Modern electronic messaging clients provide a “reply” function which permits the composition of a message by a composer in reply to a message received by the composer. By selecting the reply option, a new message window can open addressed to the sender of the received message. Notably, where the received message had been addressed to multiple recipients in addition to the composer, a “reply-all” function permits the addressing of a reply message to all recipients designated by the original received message. Thus, the reply-all operation can be an efficient mechanism where all addresses of a received message are intended to receive a reply from the composer.
The widespread usage of e-mail has resulted in effortless communications among users. Notwithstanding, the ability to readily communicate with a number of people with little effort is not without its problems. For one, reviewing an e-mail inbox chock full of messages can be tedious when the number of messages becomes excessive. The volume of messages in an inbox can be compounded when many messages are not original transmissions from sender to recipient, but replies to messages previously sent.

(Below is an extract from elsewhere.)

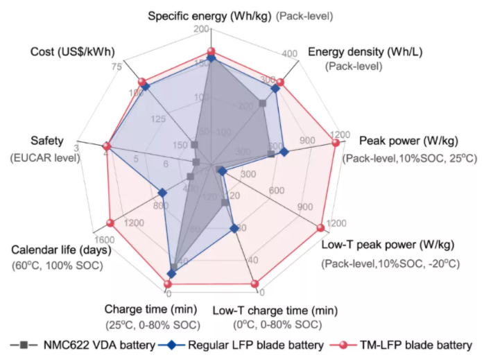 圖5:熱調(diào)控磷酸鐵鋰電池、傳統(tǒng)三元電池、磷酸鐵鋰刀片電池的性能指標雷達圖。
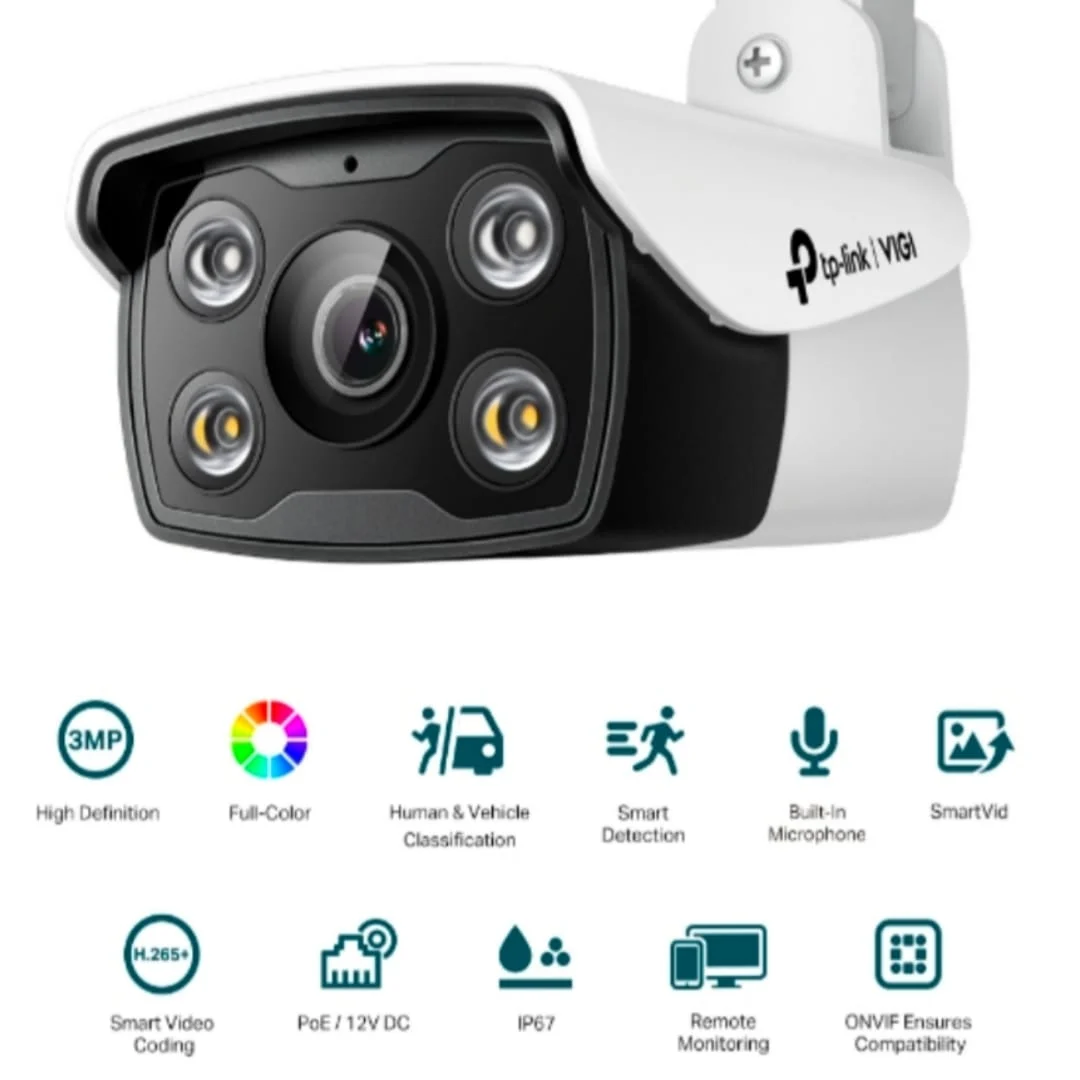 The TP-Link VIGI C330 is a 3 MP outdoor bullet network camera designed for 24-hour full-colour surveillance. It features AI-powered human and vehicle classification to reduce false alarms, smart detection (such as intrusion, line-crossing, object removal), and smart video enhancement (DWDR, Smart IR, 3D DNR, white balance). The camera supports H.265+ video compression for efficient storage, has a built-in microphone for audio within ~5 m, and is weatherproof with an IP67 rating. It can be powered via PoE (802.3af) or 12V DC.

In this regard, where one message has been addressed to a multiplicity of recipients, the reply by each recipient can readily overcome an inbox. For smaller e-mail distribution lists, receiving replies from different addressees can be desirable. In contrast, for informational messages sent to a large set of addressees, receiving a reply from a large number of the addressees can supply little added value to the message exchange while undesirably clogging the inbox of the sender. Yet, the addressees of a message cannot be faulted as there is no way to know whether the sender prefers a reply to the message or not.